A Comparative Evaluation of Machine Learning Architectures for Early Multi-Disease Prediction and Clinical Diagnostics
Keywords:
Classification, Data mining, Disease prediction, Health care, Machine learning, Neural network, Random forest, SVMAbstract
Early disease detection is very important in modern healthcare because many serious illnesses are diagnosed only after they become severe. Diseases such as heart disease, diabetes, cancer, and kidney disease are responsible for millions of deaths every year across the world. Traditional medical diagnosis methods are often time-consuming, expensive, and sometimes unable to identify diseases at an early stage. Because of this, researchers are now focusing on machine learning techniques to help doctors make faster, more accurate decisions. This study examines the role of machine learning in predicting diseases using patient health data. Different machine learning models, including Decision Tree, Random Forest, Support Vector Machine, K-Nearest Neighbor, Logistic Regression, Gradient Boosting, and Neural Network, were applied and compared. Publicly available healthcare datasets were used for model training and testing. Before model development, data preprocessing methods such as handling missing values, normalization, and feature selection were performed to improve prediction quality.
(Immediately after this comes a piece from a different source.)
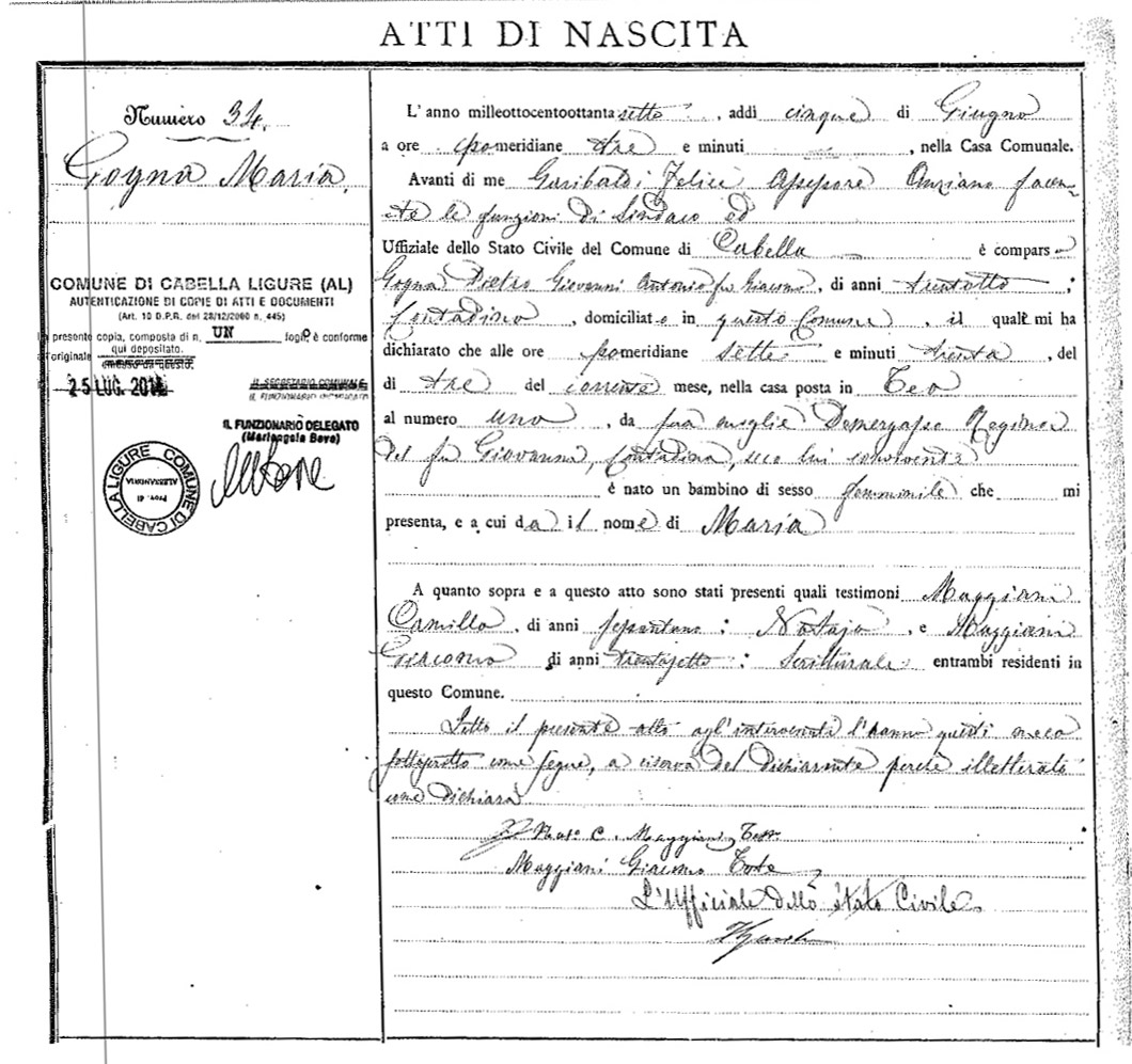 | Nascita | atti-nascita-Gogna-Maria.jpg Formato: image/jpeg Dimensioni dell’immagine: 1.060 × 997 pixel Dimensioni del file: 244 KB Tipo: Foto  |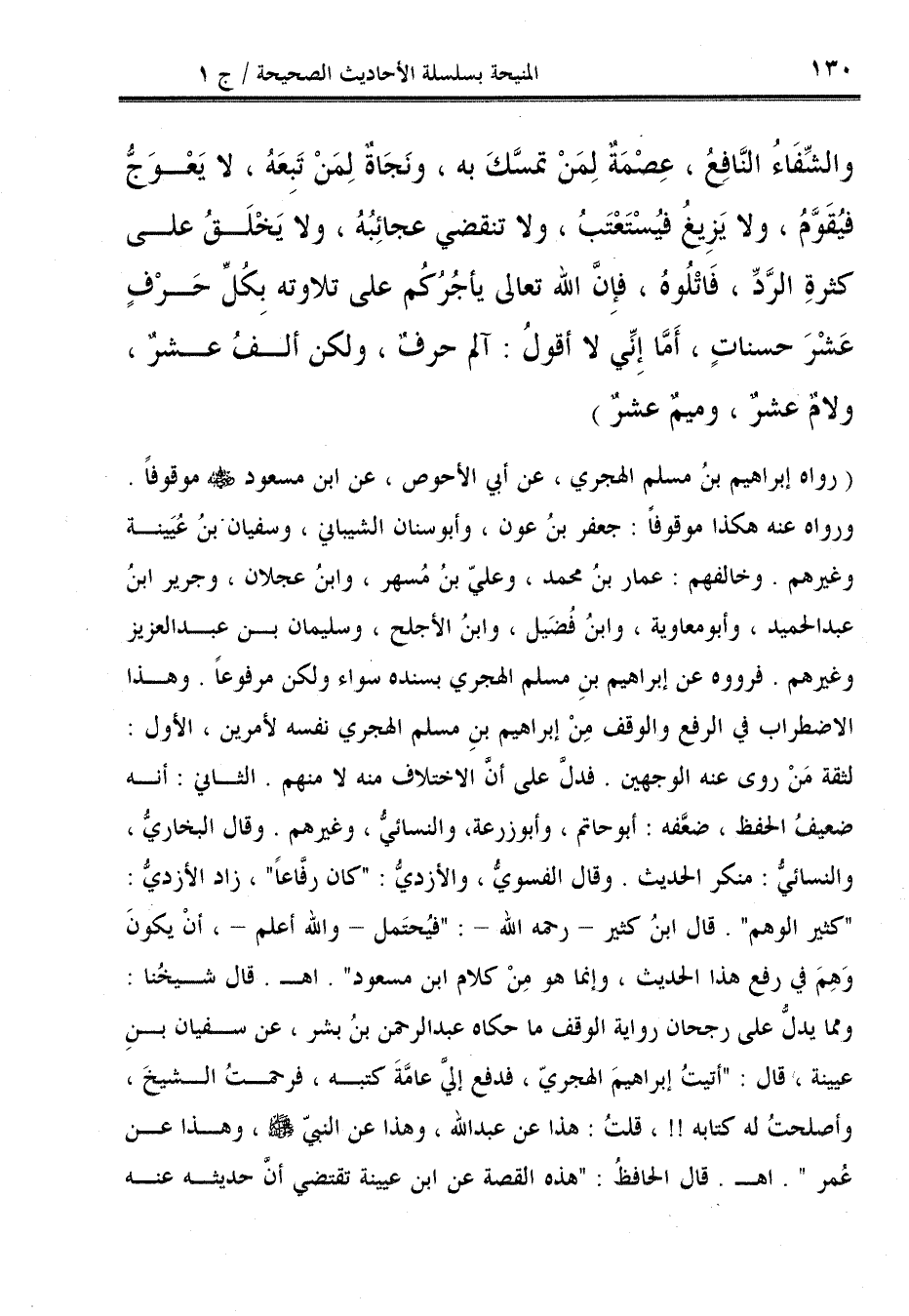 ورواه عنه هكذا موقوفًا: جعفر بنُ عون، وأبو سنان الشيباني، وسفيان بنُ عُيَينة وغيرهم. وخالفهم: عمار بنُ محمد، وعليّ بنُ مُسهر، وابنُ عجلان، وجرير ابنُ عبد الحميد، وأبو معاوية، وابنُ فُضَيل، وابنُ الأجلح، وسليمان بن عبد العزيز وغيرهم. فرووه عن إبراهيم بنِ مسلم الهجري بسنده سواء ولكن مرفوعًا. وهذا الاضطراب في الرفع والوقف مِنْ إبراهيم بنِ مسلم الهجري نفسه لأمرين، الأول: لثقة مَنْ روى عنه الوجهين. فدلَّ على أنَّ الاختلاف منه لا منهم. الثاني: أنه ضعيفُ الحفظ، ضعَّفه: أبو حاتم، وأبو زرعة، والنسائيُّ، وغيرهم. وقال البخاريُّ، والنسائيُّ: منكر الحديث. وقال الفسويُّ، والأزديُّ: "كان رفَّاعًا"، زاد الأزديُّ: "كثير الوهم". قال ابنُ كثير - رحمه الله -: "فيُحتَمل -والله أعلم-، أنْ يكونَ وَهِمَ في رفع هذا الحديث، وإنما هو مِنْ كلام ابن مسعود". اهـ. قال شيخُنا: ومما يدلُّ على رجحان رواية الوقف ما حكاه عبد الرحمن بنُ بشر، عن سفيان بنِ عيينة، قال: "أتيتُ إبراهيمَ الهجريّ، فدفع إليَّ عامَّةَ كتبه، فرحمتُ الشيخَ، وأصلحتُ له كتابه!!، قلتُ: هذا عن عبد الله، وهذا عن النبيّ - صلى الله عليه وسلم -، وهذا عن عُمر". اهـ، قال الحافظُ: "هذه القصة عن ابن عيينة تقتضي أنَّ حديثه عنه

The models were evaluated using accuracy, precision, recall, and F1-score measures. The experimental results showed that the Neural Network model achieved the highest prediction accuracy of 93.1%, while Gradient Boosting and Random Forest also produced strong results with accuracies of 90.7% and 89.4%, respectively. The study demonstrates that machine learning can become an effective support system for early disease diagnosis and may help healthcare professionals provide timely treatment and reduce mortality rates.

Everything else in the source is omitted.